Saturday, May 29, 2010

My new fave search engine is Zotero

[This is an older post of mine that was on a now-retired community blog called tech-ink.net]

While Zotero – “the free, easy-to-use Firefox extension to help you collect, manage, and cite your research sources” – isn’t exactly new, the program recently made the jump from 1.0 to 2.0 (beta) and with in doing so, has become social software and something more: it’s becoming a favourite search engine of mine.
But let me back it up a bit so I can say a little bit about custom or personalized search engines. I think they’re great and I wish more people would find them so they could enjoy their greatness too.

For example, I use LISZEN to search the library blogosphere and search my own homemade Google Custom Search Engine of OCUL libraries whenever I wonder if someone up the highway has some insight on the matter at hand. The University of Winnipeg uses a Custom Google Search Engine for its Canadian Art Library Guide, which I think is a brilliant application and breathes new life into the traditional library subject guide.
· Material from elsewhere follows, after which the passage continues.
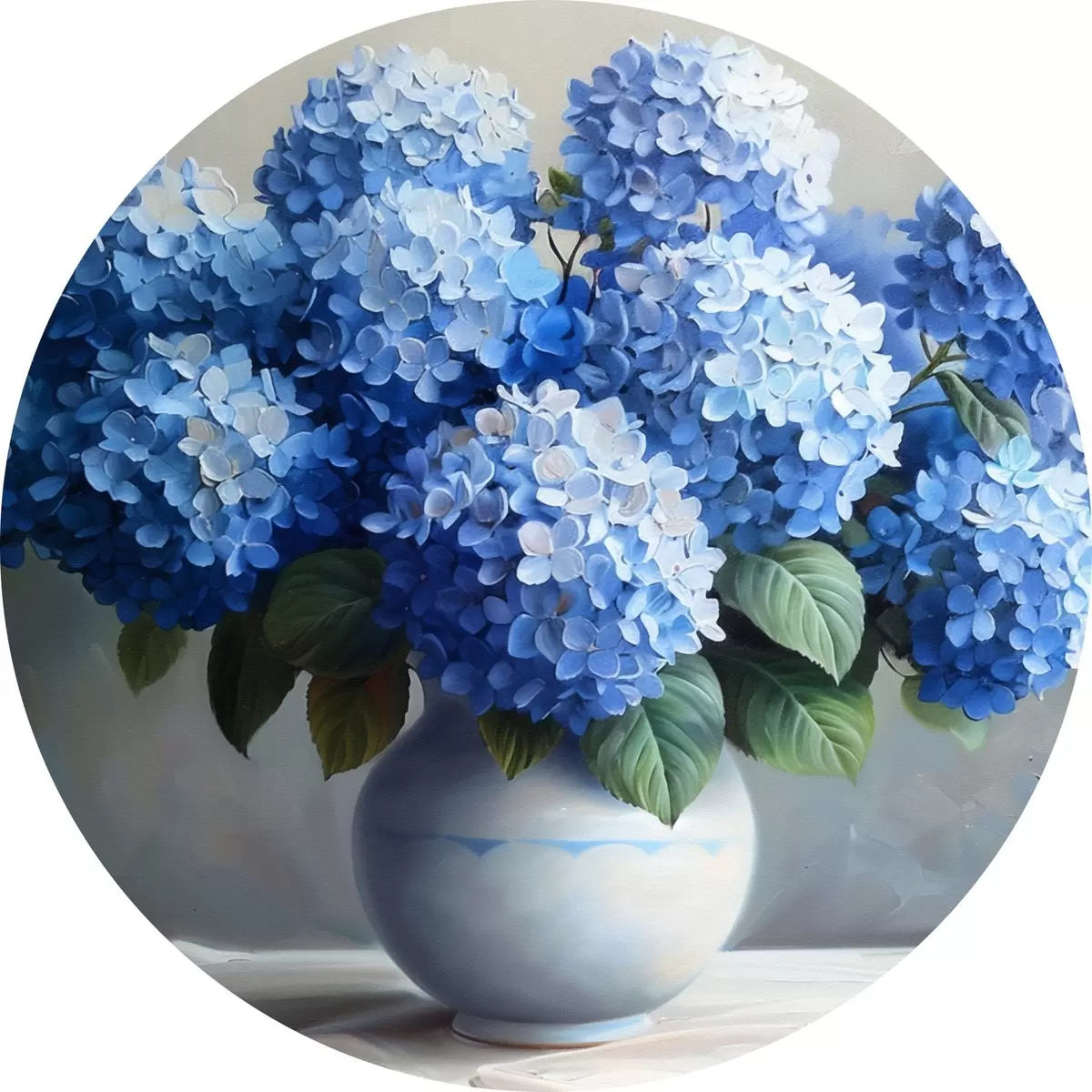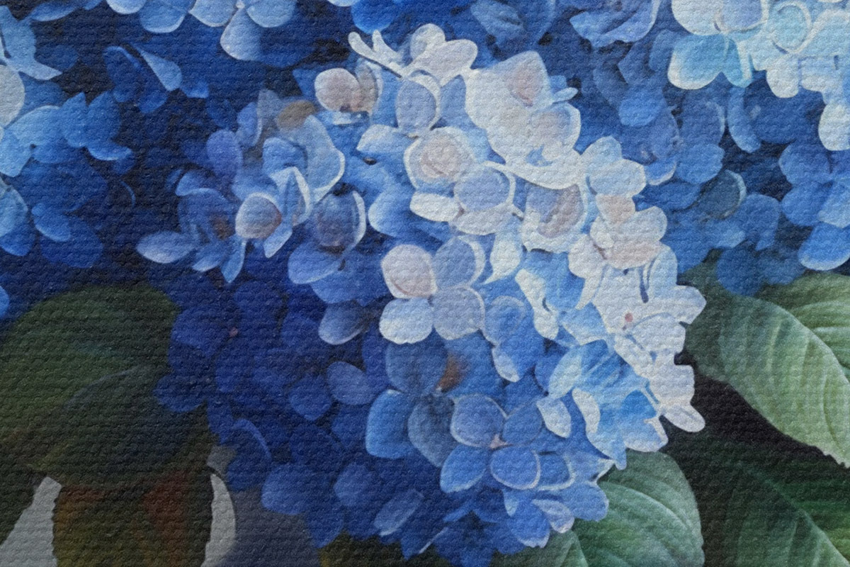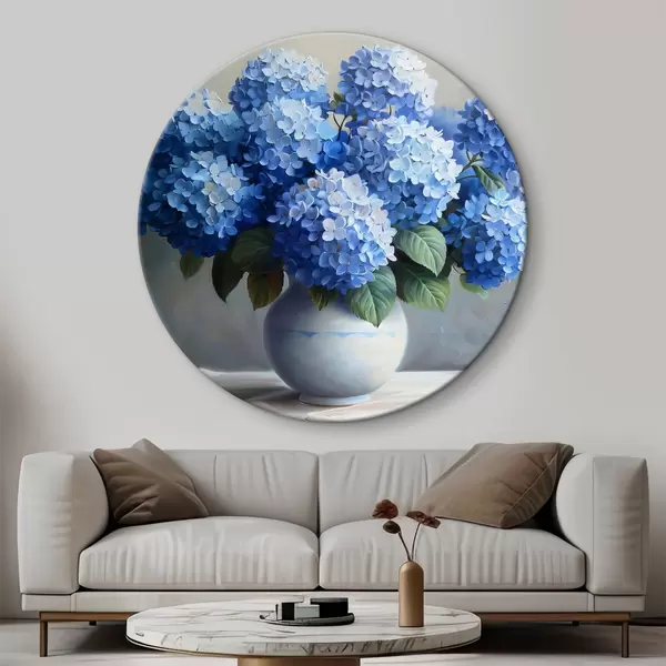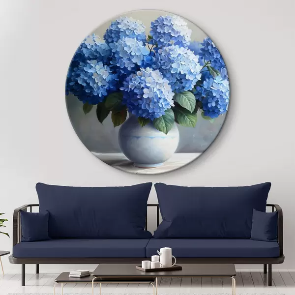 Pilt Siniste hortensiate kimp valges vaasis Nr r38696

And at one time, I entertained the notion that libraries could use Google Custom Search Engines as an alternative to the proprietary indexes that we offer, but after trying out The Economics Search Engine of 23 000 economics web sites  its pretty clear that this technology doesn’t scale. That’s too bad because I think we need a prominent index of the open access journal content out there.

OK. Back to Zotero.

I had waited to try out Zotero properly only after Zotero turned 2.0 because I was waiting for its automatic backup and synch features. And in the last handful of weeks, I’ve been slowly adding material into my Zotero library as a way to get a feel for the software. And then it just today that I realized that Zotero was indexing not just the metadata of the websites and journal articles I was planting into it – it was indexing the fulltext of the saved snapshots as well as and the text in the saved pdfs.

So, I plunked in the annual literature reviews dedicated to Library Instruction and Information Literacy from Reference Services Review and voila! I had myself my own little Information Literacy Research Index in my browser!

If you haven’t tried out Zotero yet, I wholeheartedly encourage you to do so. Zotero has some big plans they are working on including a partnership with the Internet Archive. That’s the project that really intrigues me. Not only will scholars be able to add material from the Internet Archive into their personal Zotero libraries but they will also be able to contribute their own digital work contributions into its commons.

When I think I of the future of libraries, I can’t help but think our future dovetailing into Zotero somehow.